- Venue: London Olympic Stadium
- Dates: 5 September
- Competitors: 7 from 3 nations
- Winning time: 1:52.85

Medalists
- 1st place, gold medalist(s):  / Zhou Hongzhuan / China
- 2nd place, silver medalist(s):  / Huang Lisha / China
- 3rd place, bronze medalist(s):  / Jessica Galli / United States

= Athletics at the 2012 Summer Paralympics – Women's 800 metres T53 =

The Women's 800 metres T53 event at the 2012 Summer Paralympics took place at the London Olympic Stadium on 5 September.
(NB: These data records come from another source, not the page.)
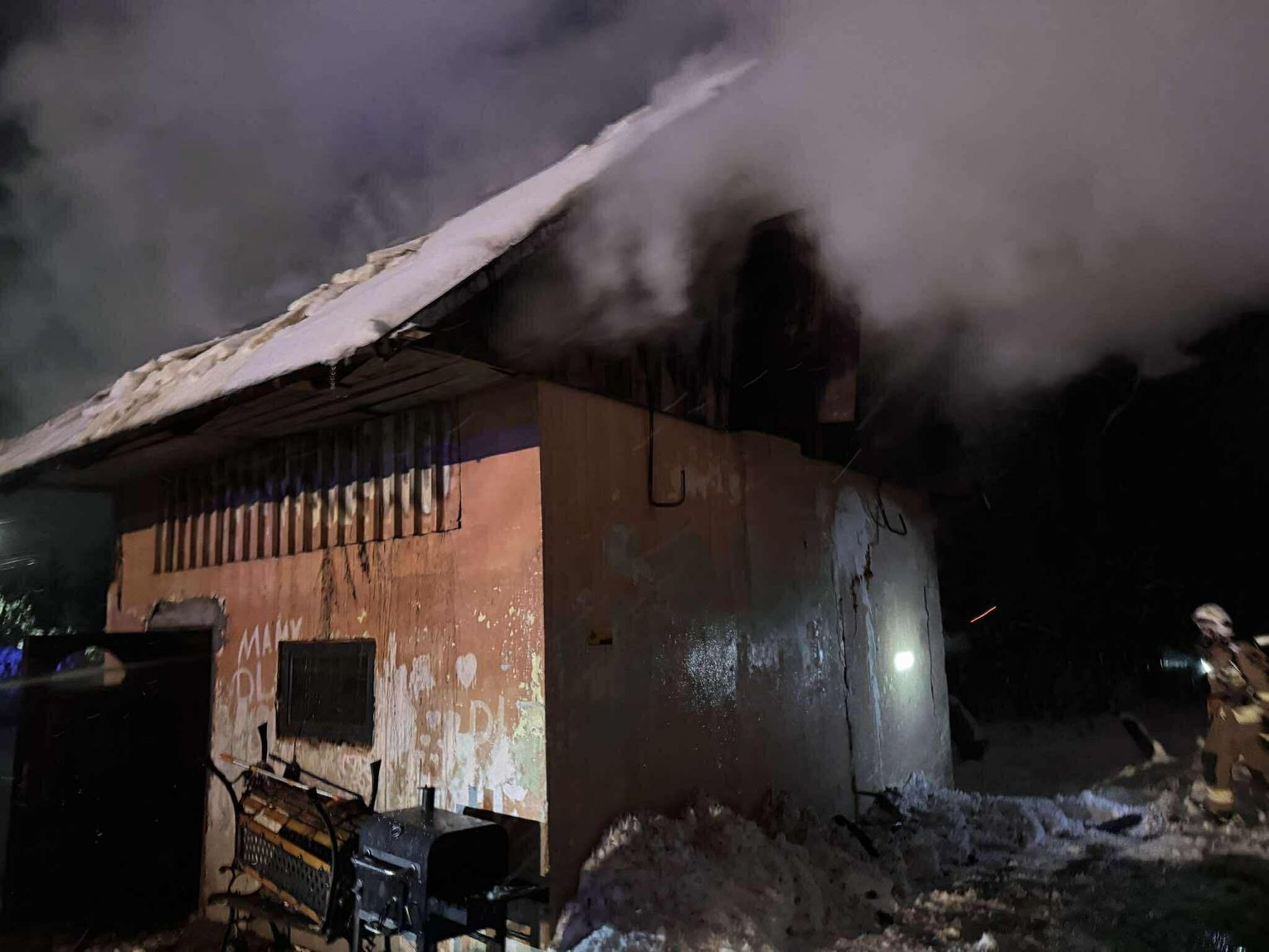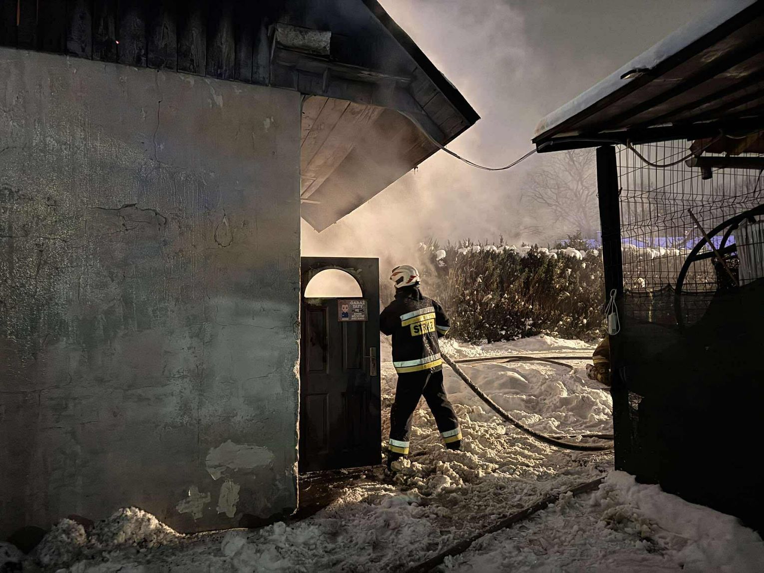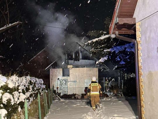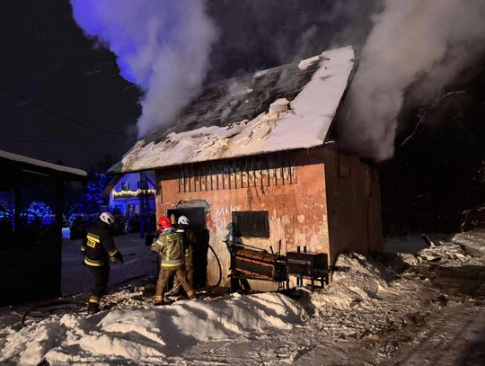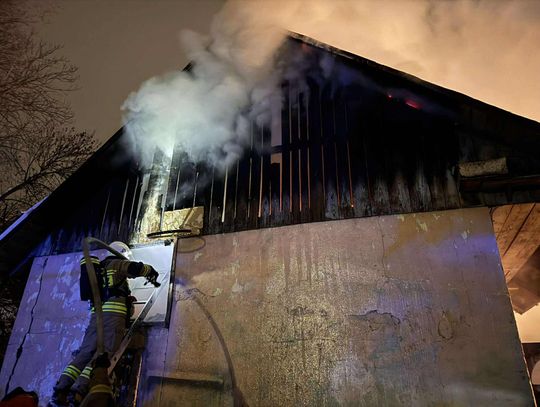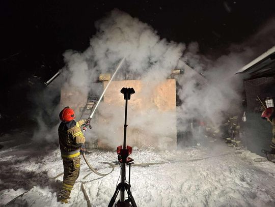 Pożarem objęty jest cały murowany budynek gospodarczy. Trwa akcja gaśnicza.
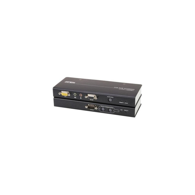 The CE750A is a USB-based KVM Extender with automatic signal compensation and RS-232 serial functionality that allows access to a computer system from a remote USB console (USB keyboard, monitor, and USB mouse).<br><br>Because it allows access to a computer system from a remote console, the CE750A is perfect for use in any type of installation where you need to place the console where it is conveniently accessible, but you want the system equipment to reside in a safe location – for example away from the dust and dirt of the factory floor or the harsh environment of a construction site.<br><br> The CE750A improves on previous designs by the addition of an RS-232 port, on both the Local and Remote Units, that allows you to connect to a serial terminal for configuration (Local Unit) or serial devices such as touchscreens and barcode scanners (Remote Unit).ATEN USB VGA KVM Extender with Audio and RS-232 (200m). Type: Transmitter & receiver, Connectivity technology: Wired, Maximum transfer distance: 200 m. Transmitter local video port type: VGA, Transmitter local keyboard/mouse port type: USB. Receiver local video port type: VGA, Receiver local keyboard/mouse port type: USB. Transmitter width: 8.63 cm, Transmitter depth: 20.2 cm, Transmitter height: 2.5 cm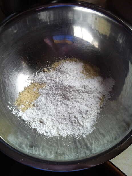 2. Mida la harina de almendra y azúcar glas en un recipiente grande y combinar.

The event consisted of a single race.

==Records==
Prior to the competition, the existing World and Paralympic records were as follows:

| World record | Jessica Galli (USA) | 1:49.82 | 29 June 2007 | Atlanta, United States |
| Paralympic record | Tanni Grey-Thompson (GBR) | 1:55.12 | 19 August 1996 | Atlanta, United States |
Broken records during the 2012 Summer Paralympics
| Paralympic record | Zhou Hongzhuan (CHN) | 1:52.85 | 5 September 2012 |  |

==Results==

Competed 5 September 2012 at 20:12.

| Rank | Athlete | Country | Time | Notes |
|---|---|---|---|---|
| 1st place, gold medalist(s) | Zhou Hongzhuan | China | 1:52.85 | PR |
| 2nd place, silver medalist(s) | Huang Lisha | China | 1:53.10 | PB |
| 3rd place, bronze medalist(s) | Jessica Galli | United States | 1:53.12 |  |
| 4 | Madison de Rozario | Australia | 1:53.65 |  |
| 5 | Angela Ballard | Australia | 1:53.80 |  |
| 6 | Shirley Reilly | United States | 1:54.18 |  |
| 7 | Amanda McGrory | United States | 1:54.48 |  |

Q = qualified by place. q = qualified by time. PR = Paralympic Record. PB = Personal Best. SB = Seasonal Best.